__TASK BRIEF__: Repeat every entry word for word, skipping the pictures.

__DATA IN THIS EXERCISE__:
· · · ·
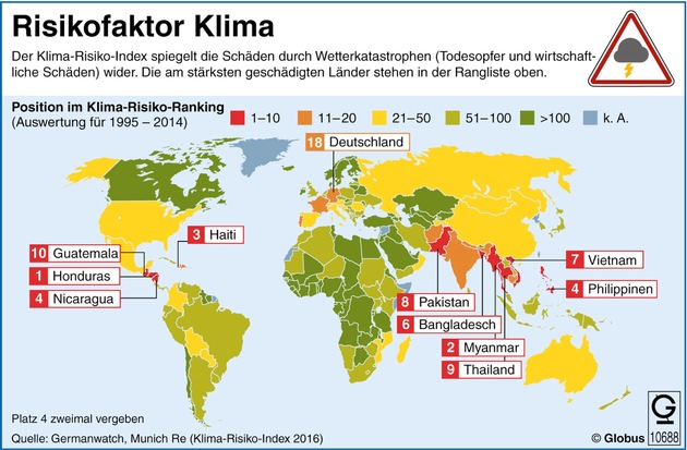 Grafiken liefern die wichtigsten Informationen und Hintergründe auf einen Blick. Seit mehr als 60 Jahren versorgt dpa-infografik, ein Tochterunternehmen der Nachrichtenagentur dpa, Medien, Unternehmen, Regierungen, Verbände und Bildungseinrichtungen mit spannenden Schaubildern zu den großen Themen aus Politik, Wirtschaft, Gesellschaft und Kultur. Monatlich veröffentlichen wir ein Highlight aus dem umfangreichen Angebot der dpa-infografik im Presseportal als "Grafik des Monats". Unser aktuelles Thema: Der globale Klima-Risiko-Index - ein Ranking, das zeigt, wie stark Länder von extremen Wetterereignissen betroffen sind.
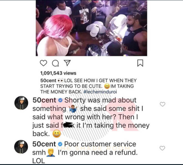 While the woman working with the pole was presumably not amused by his actions, the ‘Get Rich Or Die Tryin’ rapper went on his Instagram to clarify his actions, saying “Shorty was mad about something, She said some shit I said what wrong with her? Then I just said fuck it I’m taking the money back.” 50 Cent also added saying “I’m gonna need a refund.”
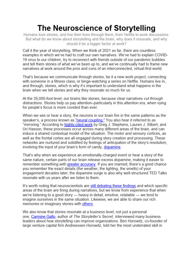 The Neuroscience of Storytelling PDF Storytelling Brain
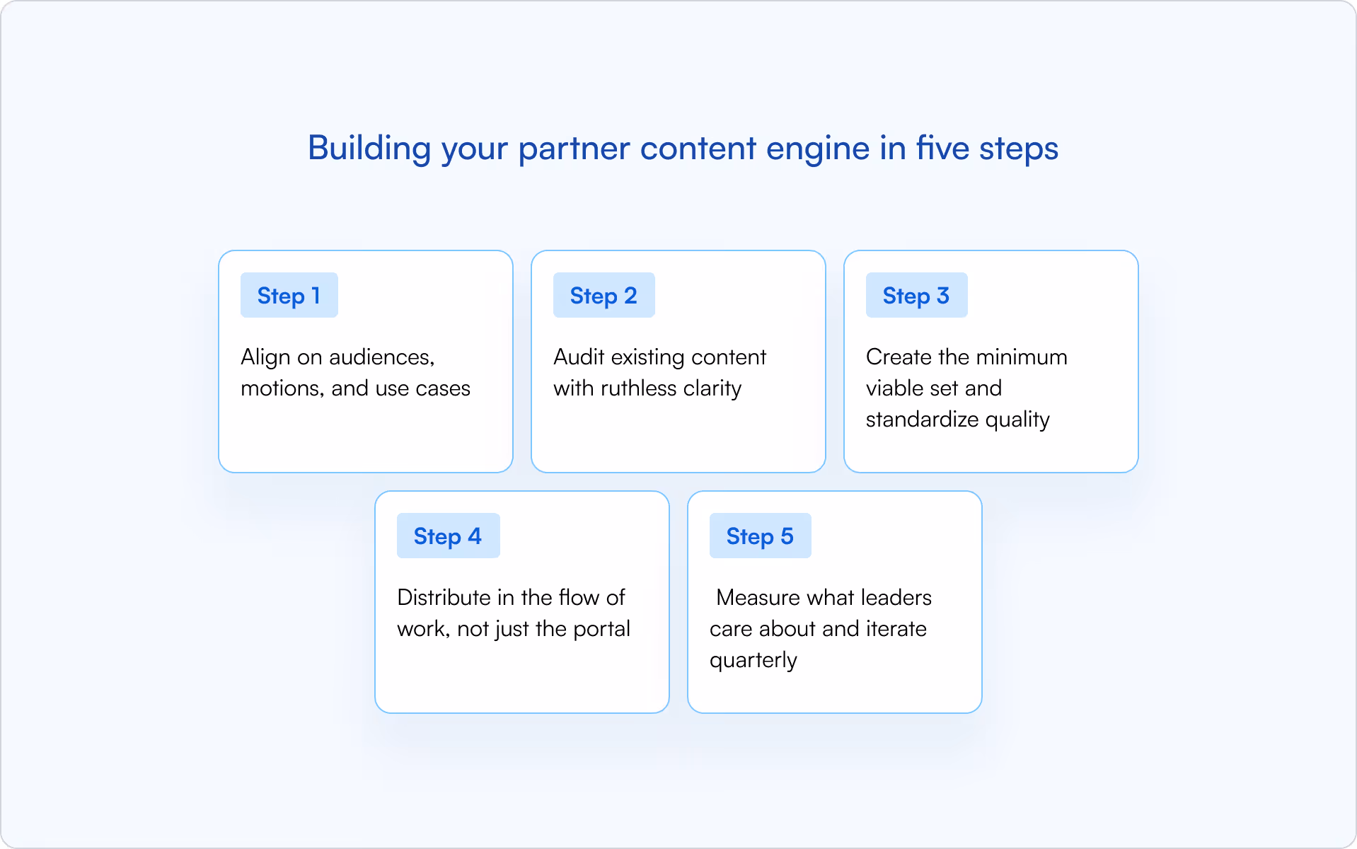 Survey partners on what content they need and what’s missing. Content created without partner input often goes unused because it solves the wrong problem.
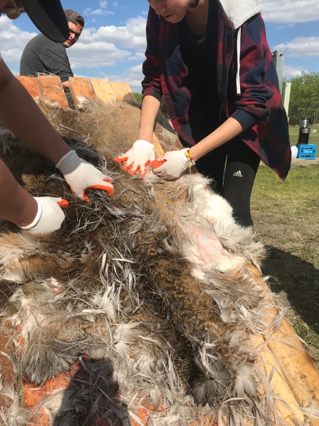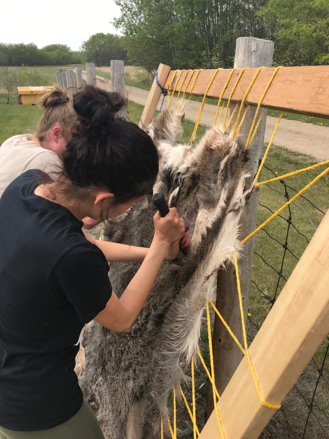 Students also had a chance to flesh and dehair deer hides. We were able to teach them the process and they got hands on experience doing the work themselves.
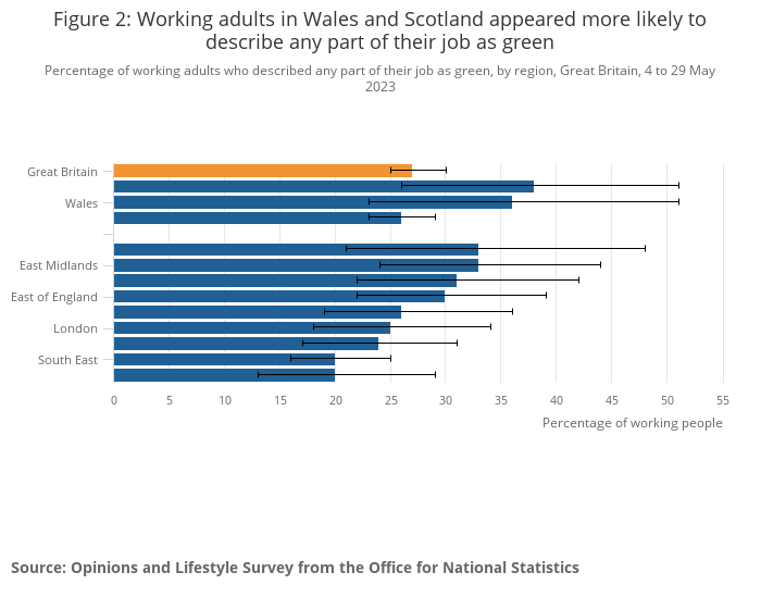 Working adults in Scotland (38%) and Wales (36%) appeared more likely to describe any part of their job as green than those in England (26%).
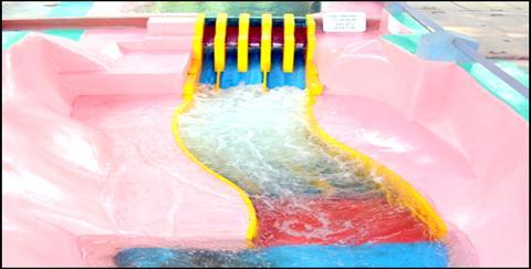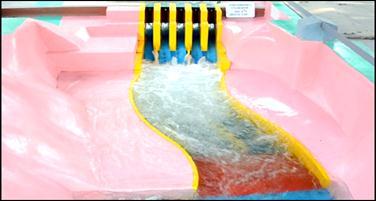 chainage60to70mand70to80m(fromdamaxis)overthe spillwayglacisfor2,875m3/supto15800m3/srespectively. Watersurfaceelevationisbelowthetopofthetrainingwall for 2,875 m3/s in the basin and the same overtops the trainingwallinthebasinfor6,900m3/sandabove.Highly turbulentandvolatileflowconditionswereobservedinthe stillingbasinforthedischargesintherangeof6,900m3/sup to15,800m3/swithwatersurfaceovertoppingthetraining wall substantially in the stilling basin area causing flow returningintothestillingbasinfromthedownstreamarea.
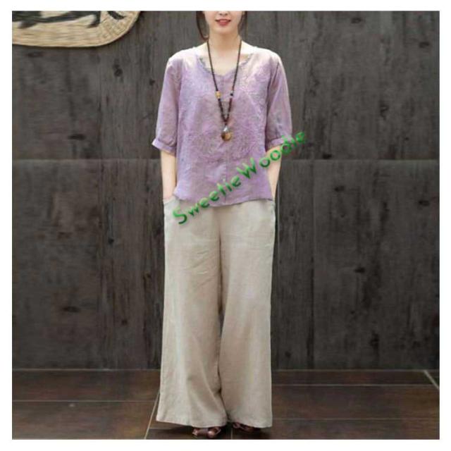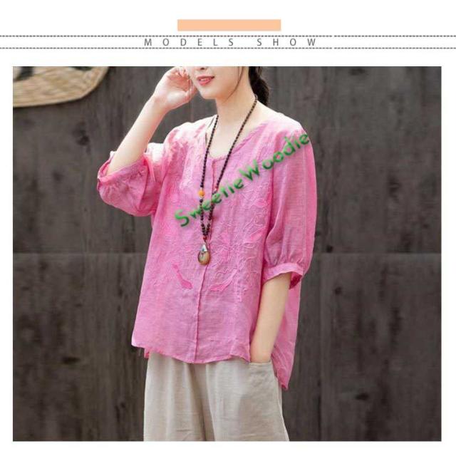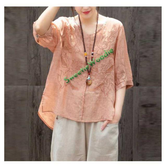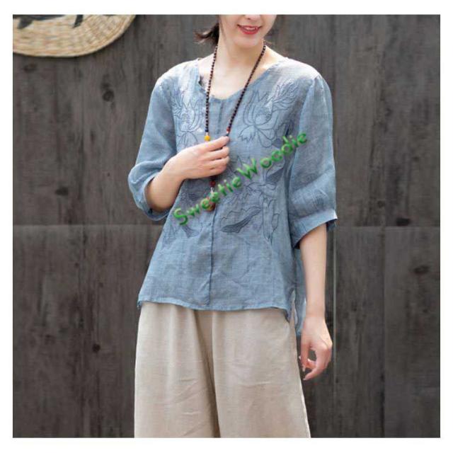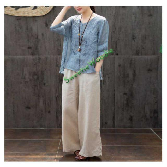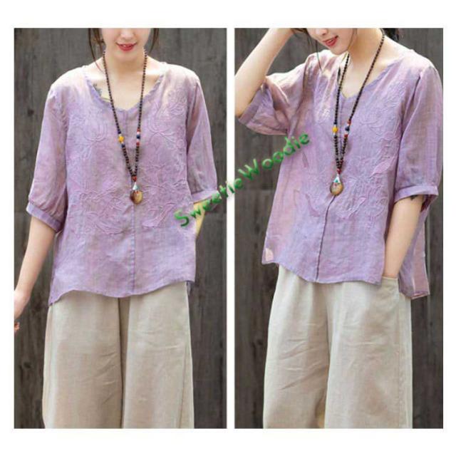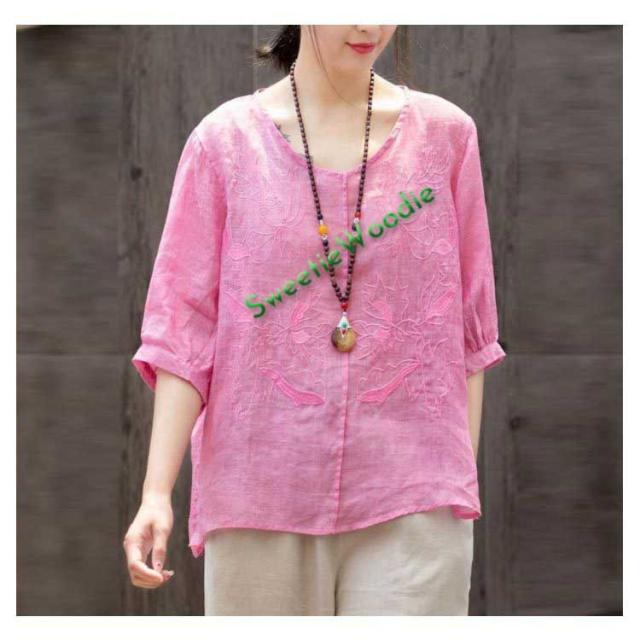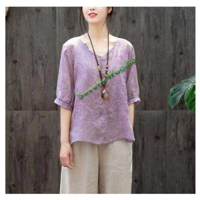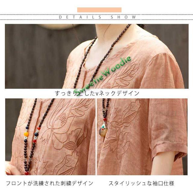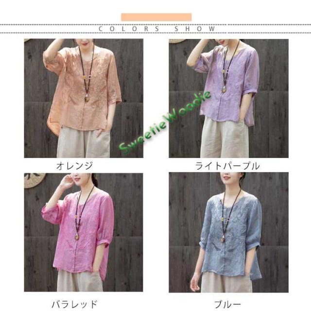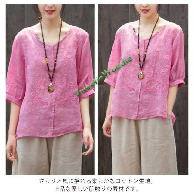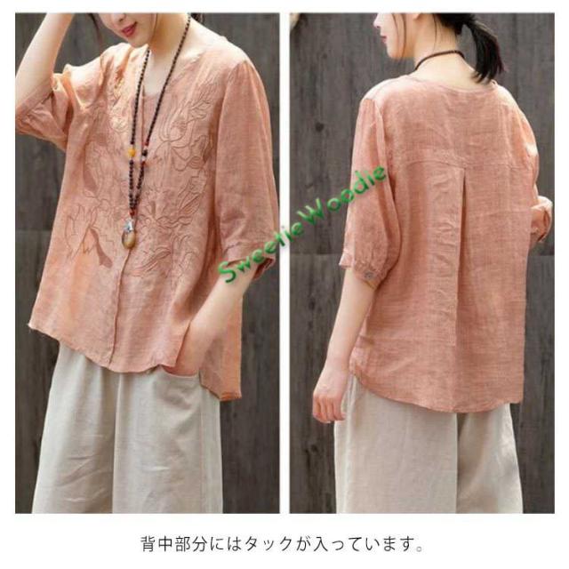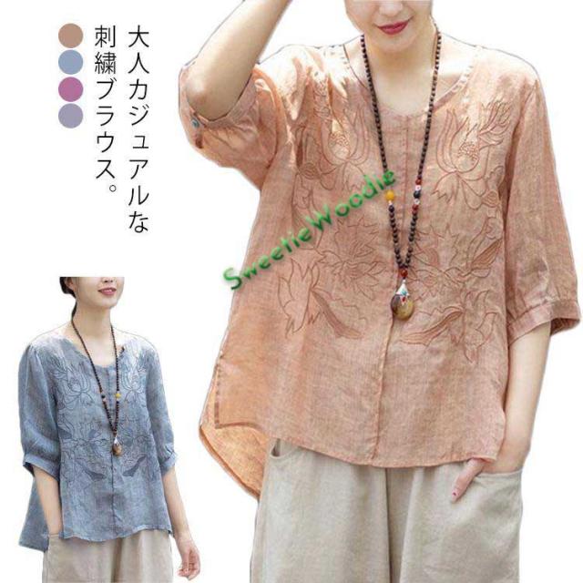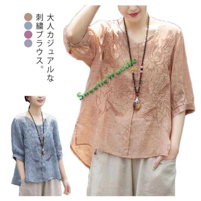 ブラウス レディース シャツ 刺繍 トップス 七分袖 Tシャツ プルーオーバー 綿麻 Vネック ゆったり 五分袖 体型カバー コットン リネン スリッ
· · · ·
__RESULT__:
 Grafiken liefern die wichtigsten Informationen und Hintergründe auf einen Blick. Seit mehr als 60 Jahren versorgt dpa-infografik, ein Tochterunternehmen der Nachrichtenagentur dpa, Medien, Unternehmen, Regierungen, Verbände und Bildungseinrichtungen mit spannenden Schaubildern zu den großen Themen aus Politik, Wirtschaft, Gesellschaft und Kultur. Monatlich veröffentlichen wir ein Highlight aus dem umfangreichen Angebot der dpa-infografik im Presseportal als "Grafik des Monats". Unser aktuelles Thema: Der globale Klima-Risiko-Index - ein Ranking, das zeigt, wie stark Länder von extremen Wetterereignissen betroffen sind.
 While the woman working with the pole was presumably not amused by his actions, the ‘Get Rich Or Die Tryin’ rapper went on his Instagram to clarify his actions, saying “Shorty was mad about something, She said some shit I said what wrong with her? Then I just said fuck it I’m taking the money back.” 50 Cent also added saying “I’m gonna need a refund.”
 The Neuroscience of Storytelling PDF Storytelling Brain
 Survey partners on what content they need and what’s missing. Content created without partner input often goes unused because it solves the wrong problem.
 Students also had a chance to flesh and dehair deer hides. We were able to teach them the process and they got hands on experience doing the work themselves.
 Working adults in Scotland (38%) and Wales (36%) appeared more likely to describe any part of their job as green than those in England (26%).
 chainage60to70mand70to80m(fromdamaxis)overthe spillwayglacisfor2,875m3/supto15800m3/srespectively. Watersurfaceelevationisbelowthetopofthetrainingwall for 2,875 m3/s in the basin and the same overtops the trainingwallinthebasinfor6,900m3/sandabove.Highly turbulentandvolatileflowconditionswereobservedinthe stillingbasinforthedischargesintherangeof6,900m3/sup to15,800m3/swithwatersurfaceovertoppingthetraining wall substantially in the stilling basin area causing flow returningintothestillingbasinfromthedownstreamarea.
 ブラウス レディース シャツ 刺繍 トップス 七分袖 Tシャツ プルーオーバー 綿麻 Vネック ゆったり 五分袖 体型カバー コットン リネン スリッ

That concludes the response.